For this strategy to work, we want five things:
This would allow species to enter and migrate through these safe zones. These conservation corridors should be free of pollutants from industry and agriculture, and out of control of urban growth. These endangered species want a house beyond eagle island. a number of herbal corridors around Mauritius to allow reintroduced species to locate safe havens around the island.
Mauritius’ mountains and highlands are all national parks and, by offering solid protection, become refuges for species to be repopulating and return to exclusive life to those places.
Stricter legislation and application on the types of products used in Mauritius is required to reduce the effect on human and ecological fitness in Mauritius Products such as fertilizers, insecticides and even plastics should be monitored much more strictly, and strict implementation through It would be useful to have a sound policy and legal framework against contamination.
Mauritians love nature. However, there will have to be a more effective program to teach and involve all Mauritians about why the nature type in Mauritius is so unique. Much of the Mauritian literature has been superseded and is less interesting. There are so many new technologies that can help life the unique nature of Mauritius for a new generation of young Mauritians. It would also help fight habitat destruction, waste disposal, and ensure harmonious dating in nature.
As in the world, there is a lot of communication about sustainability and biodiversity loss, but very little action. Only a handful of Mauritius business leaders are concerned about this issue. Having a strict Mauritius Biodiversity Affairs Council that can protect the movements that the personal sector can take to repair biodiversity loss in Mauritius would be very difficult. It is the action of corporations and their leaders that can help Mauritius eliminate many of the invasive species that have been brought to the island. Industrial processes such as lax aviation and navigation controls have allowed these invasive species to damage Mauritius’ local wildlife.

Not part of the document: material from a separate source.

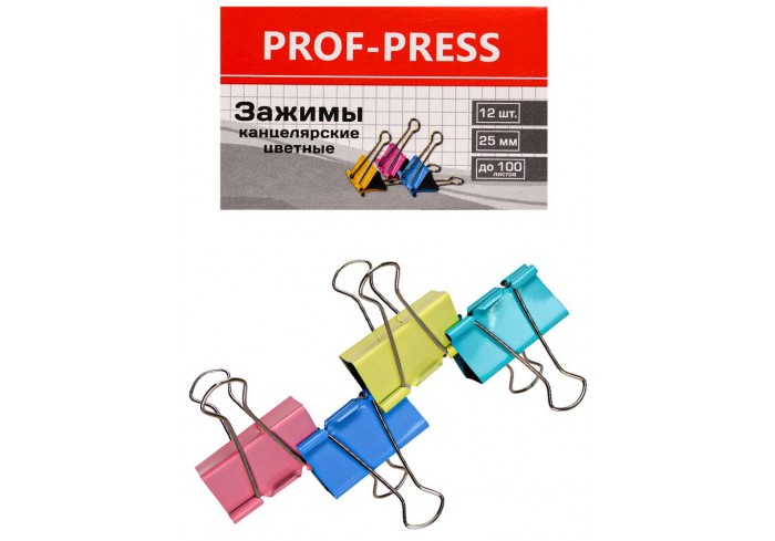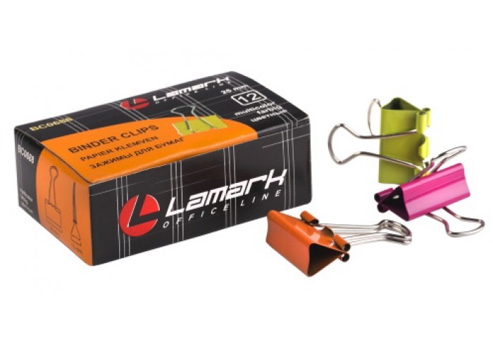 Зажимы для бумаг цветные НЕОН. Размер 25 мм. 12 штук в цветной картонной коробке...

Restoring endangered species requires a lot of care and paint.
Much of these paintings were interrupted by the oil spill.

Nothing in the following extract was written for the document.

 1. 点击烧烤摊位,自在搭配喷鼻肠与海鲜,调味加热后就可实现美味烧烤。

After this disaster, we hope that there will be a way for us to better rebuild and be informed of the experience to know where they believe these island nations can play that role.

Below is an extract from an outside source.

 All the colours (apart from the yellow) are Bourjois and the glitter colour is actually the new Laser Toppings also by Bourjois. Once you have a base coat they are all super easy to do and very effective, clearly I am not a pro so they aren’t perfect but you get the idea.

I am an economist of progression focused on innovation, sustainability and moral economic growth. Lately I’ve been working with the leading generation corporations in Silicon Valley in
I am an economist of progression oriented to innovation, sustainability and moral economic expansion. Lately I’ve been working with leading generation corporations in Silicon Valley on opportunities for sustainable expansion, i. e. targeting low-income countries. I chair the LSE Ocean Finance Initiative, I am a member of the WEF Global Network of Experts and a member of the CCICED China Council. My e-book on sustainability in the fourth industrial revolution, Soul of the Sea in the Age of the Algorithm, focuses on a revival of oceans and climate and is based on me as an advisor to the economics and innovation of Fortune 500’s global governments and CEOs. I have a degree in progressive economics from Harvard University’s Kennedy School of Government and the University of Cambridge.